What Can 11,000 Proteins In Our Blood Tell Us?
The beginnings of a quiet revolution in high-throughput proteomics and A.I.
Last week in Science, I published an essay entitled “The revolution in high-throughput proteomics and AI.” But in the few weeks since I wrote it, there’s been much more to add to the story. Let me first summarize the background and we’ll build from there.
Background
The recent capability to measure thousands of plasma proteins from a tiny blood sample has provided a new dimension of expansive data that can advance our understanding of human health. For example, the company SomaLogic has developed the means to measure 11,000 proteins and Thermo Fisher’s Olink assays over 5,400 proteins from as little as 2 μl. (This is real; not Theranos!] When these rich data are integrated with other layers of information from large patient cohorts, such as the UK Biobank’s genetic, health, and lifestyle information from half a million participants, we get new insights about the underpinnings of disease, the aging process, and the potential ability to forecast an individual’s health trajectory.
Proteins in Contrast to Genome Variants
For over a decade, polygenic risk scores that reflect the likelihood of a certain genetic trait manifesting as a disease have been developed that partition risk for most common diseases. This approach has been validated across groups of people from different ancestries and is now beginning to be used for patient guidance. These risk scores are typically based on the presence of hundreds of common (present in >5% of the population) single-nucleotide polymorphisms (SNPs). But we know that the risk for disease is not just reflected by common DNA sequence variants. There are rare and ultra-rare genomic variants that are not factored in to calculating risk, such as the insertion-deletion (indel) of nucleotides in DNA that generate mutations, or changes in the arrangement of DNA (rather than just single nucleotide changes) that cause structural variations. Moreover, there is variability in our proteomic, metabolomic, and epigenomic profiles as well as in our microbiome, immunome, and exposomes (environmental exposures). What was envisioned in 2000 when the human genome sequence draft was announced as our “operating instructions” turns out to be a critical, but incomplete, layer of information about what makes us tick—and our susceptibility to various medical conditions.
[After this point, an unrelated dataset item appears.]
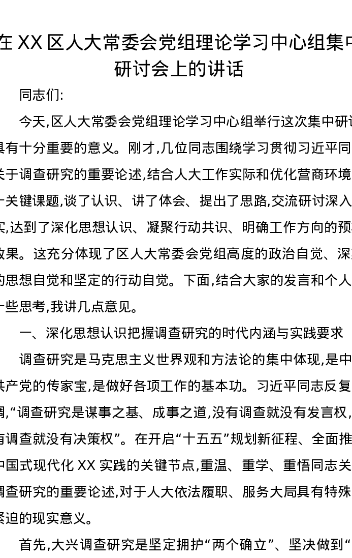 在XX区人大常委会党组理论学习中心组集中研讨会上的讲话

In contrast to about 20,000 protein-coding genes in the human genome, there are over 100,000 different proteins and, as a result of alternative splicing, hundreds of thousands of protein isoforms (variants) in the human body. Being able to assay for a substantial fraction of these is the basis of hypothesis-free research—that is, efforts to gather data and blindly seek patterns as opposed to hypothesizing that certain patterns exist and then seeking them out. This approach, along with machine learning analytics, has led to a revolution in understanding the foundations of disease.
Organ Clocks
Several recent high-throughput proteomic studies are illuminating at both the organ and body-wide level. Three studies have addressed organ-specific protein dynamics. Oh and colleagues culled data from five groups of individuals (three with healthy participants, two with Alzheimer’s disease patients) assembled from 5676 adults to assess nearly 5000 plasma proteins (and with a 5-year follow-up). Using machine learning models, proteins that are specific to 11 organs were identified and an “organ age gap” was derived by comparing biological with chronological age. About one in five individuals were hyper-agers for at least one organ (thus, an organ was physiologically and functionally much older than the person's chronological age), and 2% for multiple organs. For each of the 11 organs, the age gap was associated with an increased risk of mortality.
Two subsequent studies took this finding further. In a preprint reported by Gladyshev and colleagues, about 3000 plasma proteins were assessed in 53,000 UK Biobank participants. With machine learning, seven organ-specific aging clocks were defined. Lifestyle factors such as smoking were associated with an increased pace of aging for all seven organs, as was alcohol for intestinal aging. Organ aging also was associated with many other factors including various foods, medications, and occupations. A third study, again by Oh and colleagues, also in preprint form, assayed 3000 plasma proteins in 44,000 UK Biobank participants, and further validated the 11 organ-specific aging clocks. Postmenopausal estrogen replacement was associated with slower aging across most organs, in contrast to smoking and alcohol. A notable finding was that slow brain or immune system aging was associated with improved survival over an extended 15-year follow-up.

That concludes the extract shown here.